## Work instruction
Print the data below exactly, but only the lines from the one containing "项目简介:双开油画艺术铜门,铜艺与彩绘结合,我司已经申请专利" down to the one containing "Winco SGN-336 9", inclusive.

## Data for review
== == ==

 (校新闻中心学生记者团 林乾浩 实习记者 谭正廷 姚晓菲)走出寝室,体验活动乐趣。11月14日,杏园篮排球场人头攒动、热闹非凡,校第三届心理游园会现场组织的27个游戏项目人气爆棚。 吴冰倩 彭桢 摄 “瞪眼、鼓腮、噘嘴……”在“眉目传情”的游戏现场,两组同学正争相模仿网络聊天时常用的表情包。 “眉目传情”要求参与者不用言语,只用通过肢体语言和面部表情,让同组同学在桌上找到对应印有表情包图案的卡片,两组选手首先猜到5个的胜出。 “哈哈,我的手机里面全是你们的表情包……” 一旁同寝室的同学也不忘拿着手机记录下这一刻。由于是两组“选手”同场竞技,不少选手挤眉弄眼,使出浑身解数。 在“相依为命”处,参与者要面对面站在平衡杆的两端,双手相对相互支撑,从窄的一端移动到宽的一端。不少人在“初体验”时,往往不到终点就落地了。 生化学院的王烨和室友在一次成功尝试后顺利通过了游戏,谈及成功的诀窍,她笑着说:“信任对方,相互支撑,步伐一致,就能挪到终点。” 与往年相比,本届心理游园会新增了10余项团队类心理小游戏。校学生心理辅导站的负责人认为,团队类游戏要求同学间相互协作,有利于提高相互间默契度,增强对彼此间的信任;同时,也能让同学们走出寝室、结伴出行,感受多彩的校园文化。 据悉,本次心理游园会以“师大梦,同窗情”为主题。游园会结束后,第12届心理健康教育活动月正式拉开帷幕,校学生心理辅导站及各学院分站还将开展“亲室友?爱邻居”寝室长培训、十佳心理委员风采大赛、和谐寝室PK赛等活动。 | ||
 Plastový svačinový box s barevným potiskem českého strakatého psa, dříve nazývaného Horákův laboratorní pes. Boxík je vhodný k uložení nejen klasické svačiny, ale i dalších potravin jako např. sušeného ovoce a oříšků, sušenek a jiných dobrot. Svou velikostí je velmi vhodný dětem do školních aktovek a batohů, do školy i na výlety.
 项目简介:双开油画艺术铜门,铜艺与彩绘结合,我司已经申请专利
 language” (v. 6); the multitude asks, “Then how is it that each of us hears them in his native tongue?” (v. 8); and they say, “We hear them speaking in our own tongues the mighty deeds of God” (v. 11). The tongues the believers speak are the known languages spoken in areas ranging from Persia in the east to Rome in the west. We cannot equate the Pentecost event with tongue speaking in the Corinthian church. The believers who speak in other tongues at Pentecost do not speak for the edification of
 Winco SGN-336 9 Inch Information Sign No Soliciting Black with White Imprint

== == ==

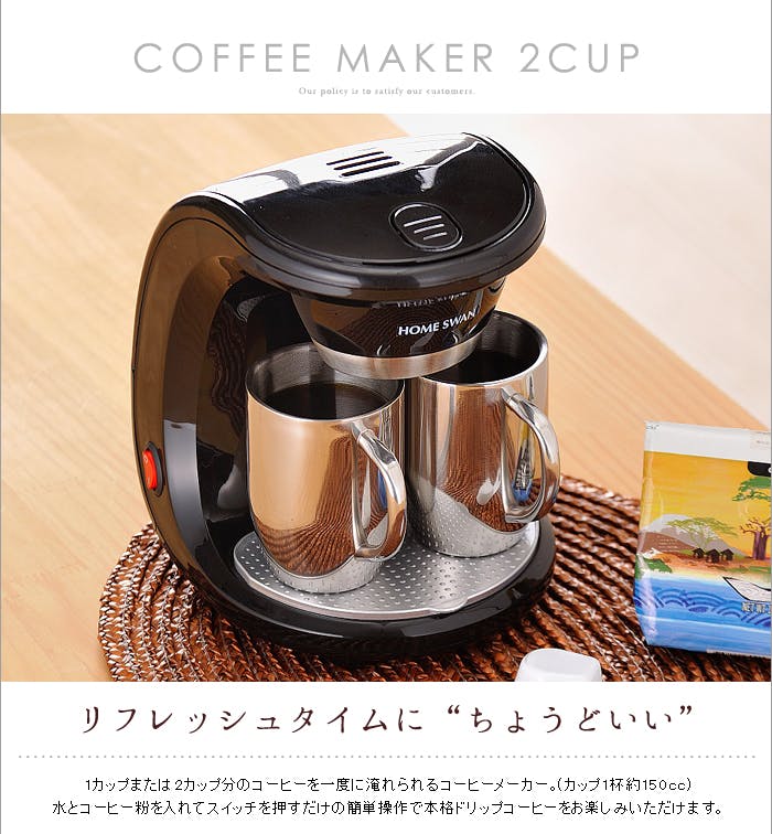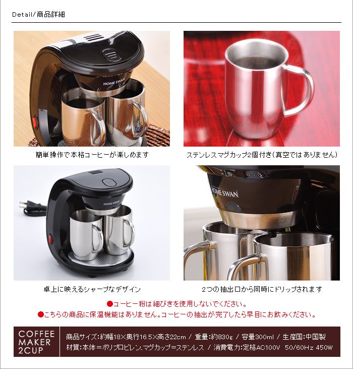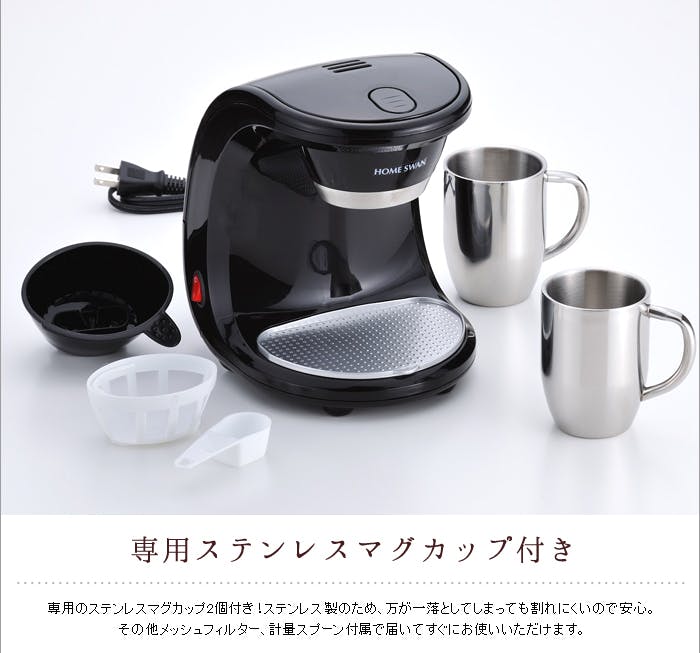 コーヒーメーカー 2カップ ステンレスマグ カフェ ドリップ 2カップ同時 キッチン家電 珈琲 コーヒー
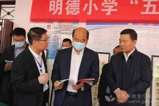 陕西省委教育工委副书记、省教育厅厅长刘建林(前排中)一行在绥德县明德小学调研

== == ==

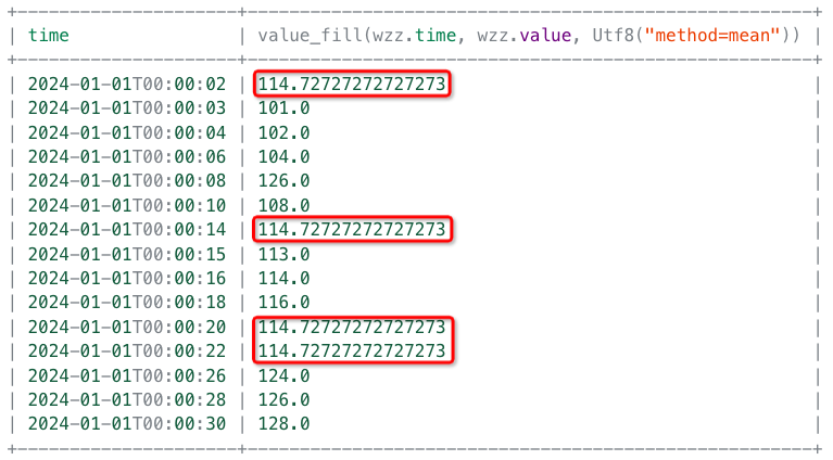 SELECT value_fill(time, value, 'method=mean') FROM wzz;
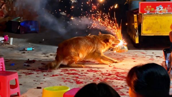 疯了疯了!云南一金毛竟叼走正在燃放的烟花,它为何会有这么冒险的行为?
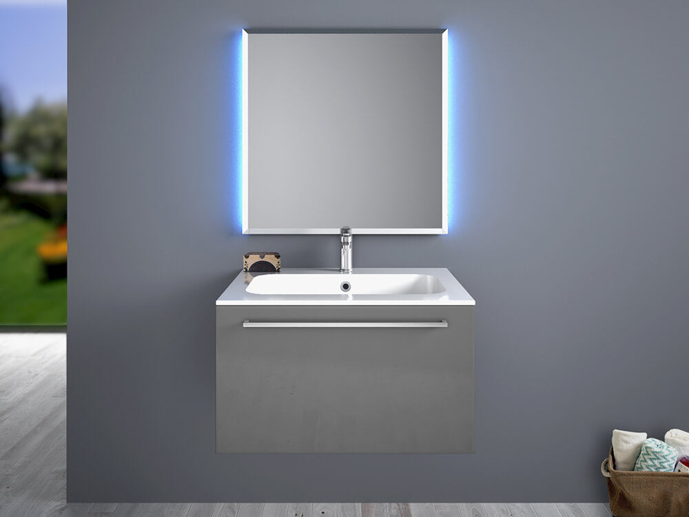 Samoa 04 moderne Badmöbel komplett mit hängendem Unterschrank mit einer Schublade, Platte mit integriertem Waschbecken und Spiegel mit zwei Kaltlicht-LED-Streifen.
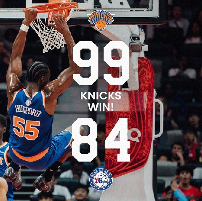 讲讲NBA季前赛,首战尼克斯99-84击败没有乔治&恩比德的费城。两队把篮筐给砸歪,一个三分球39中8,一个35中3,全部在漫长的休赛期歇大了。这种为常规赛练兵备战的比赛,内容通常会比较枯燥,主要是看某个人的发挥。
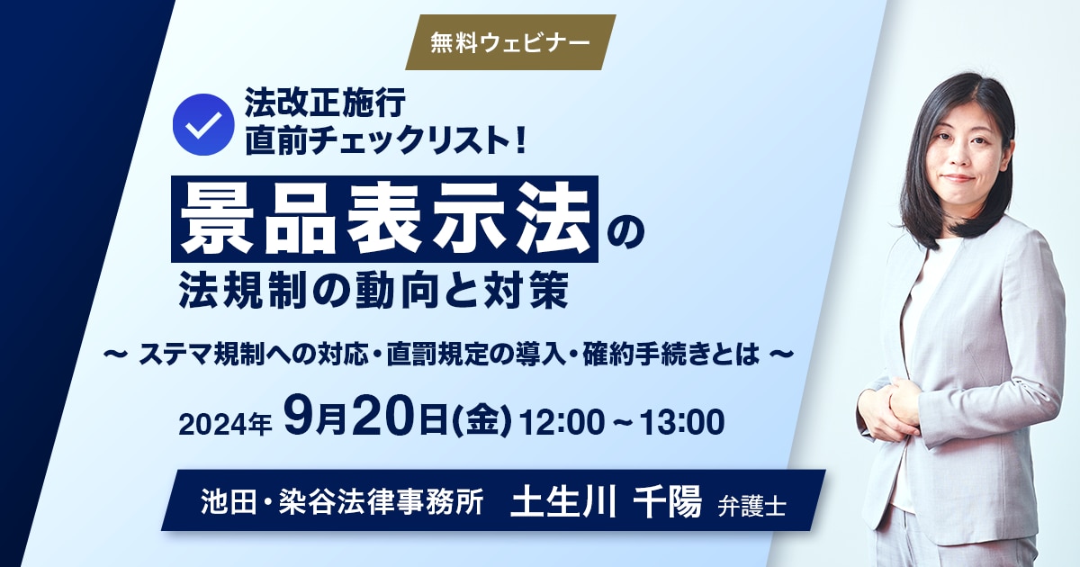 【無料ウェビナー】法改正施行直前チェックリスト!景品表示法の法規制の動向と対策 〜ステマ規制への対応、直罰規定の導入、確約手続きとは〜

== == ==

## Written response
 项目简介:双开油画艺术铜门,铜艺与彩绘结合,我司已经申请专利
 language” (v. 6); the multitude asks, “Then how is it that each of us hears them in his native tongue?” (v. 8); and they say, “We hear them speaking in our own tongues the mighty deeds of God” (v. 11). The tongues the believers speak are the known languages spoken in areas ranging from Persia in the east to Rome in the west. We cannot equate the Pentecost event with tongue speaking in the Corinthian church. The believers who speak in other tongues at Pentecost do not speak for the edification of
 Winco SGN-336 9 Inch Information Sign No Soliciting Black with White Imprint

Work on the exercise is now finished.